Four summers back, I visited my family in Japan for about two weeks. Considering the fact that I lived in another country and could not afford to travel often, it was a rather brief stay. But again, that was all the holiday I managed to accommodate that summer.
The two weeks passed quickly. We crammed everything that a person would normally do over one year in that short period of time: family trips, visiting relatives and friends in other cities, shopping, lunch and dinner at restaurants that we wouldn’t normally go to.
My mother also made sure to cook all my favourite dishes during my stay, which meant almost every dinner menu was like a birthday feast to me. It was something that had never happened all those years ago when I lived with my parents, or even after when I went to college and started living on my own. My mother’s grocery shopping was unusually generous to the extent that I got worried about the family’s meal budget.
On the day of my flight back to Ottawa, my mother and I travelled to Tokyo Haneda Airport together. Usually, my father would also come to see me off, but the day fell on a weekday, and he had to go to work.
My mother and I left home in the morning, took the bullet train to Tokyo, and by midday, we had successfully made it to the airport. After I checked in and dropped my luggage, we ate lunch at one of the restaurants. Once again, my mother insisted that I would eat my favourite food, and we ended up in a tempura restaurant. It was a little costly, but so unlike my mother, she did not even mention such a thing as price.
After everything, we sat at one of the benches to spend some more minutes before I needed to go through the security check. My mother took out a tupperware from her bag and opened the lid. It contained a mountain of grapes — my favourite fruit of all time.
“Eat some,” she said and put the tupperware in my hand.
I had been eating grapes every day for the past week, thanks to my mother’s hospitality, but she had bought a new package just yesterday, so that I could have some more before my trip.

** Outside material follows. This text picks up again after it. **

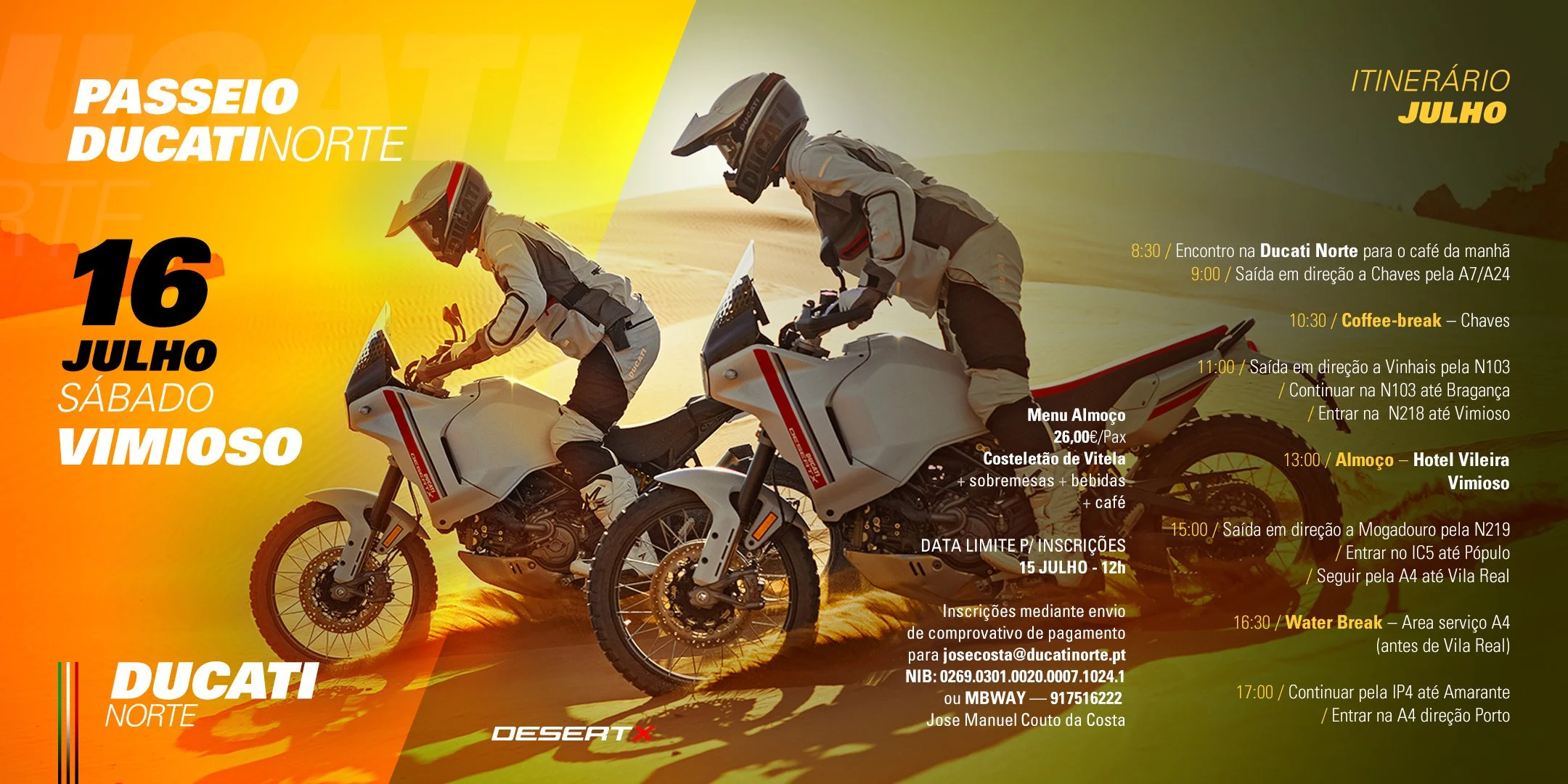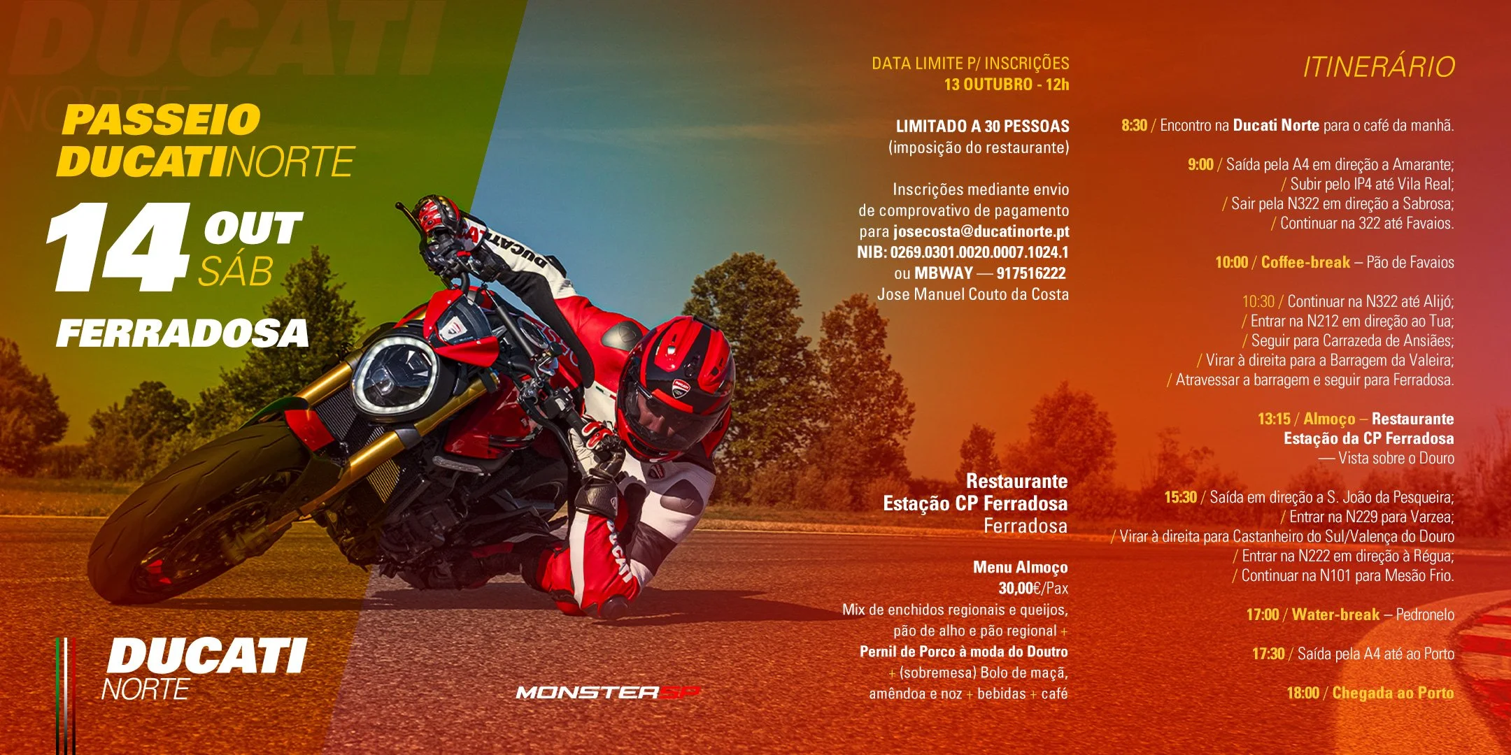 Inscrições mediante envio de comprovativo de pagamento para josecosta@ducatinorte.pt

My stomach was full from the tempura lunch, but unable to refuse the special offer, I started picking the grapes.
Ten minutes passed. I was eating the grapes and chatting with my mother, occasionally checking the time. My flight was departing in about an hour, and I thought I should get going. But my mother seemed not at all concerned about the time. It was so unlike her, because whenever we travelled together, she was always the one to keep the time.
I finally opened my mouth.
“Mom, I think I should get going.”
“Already?”
The disappointment was wide on her face. For a moment, I thought I should stay with her a little longer. Then my mother asked,
“When is your flight?”
“It’s leaving in an hour.”
“Then you must go now.”
Suddenly, she came back to her senses, collecting all the tupperwares in her bag. Together, we shuffled to the security check, and we gave each other goodbye hugs before I went to clear the security check.
Once I walked to my gate, boarding had already started, revealing how close I was to missing my flight. But no shock came to me. All I was thinking in that moment was the tupperware of grapes my mother had taken out of her bag and the sad disappointment on her face when I told her I was leaving.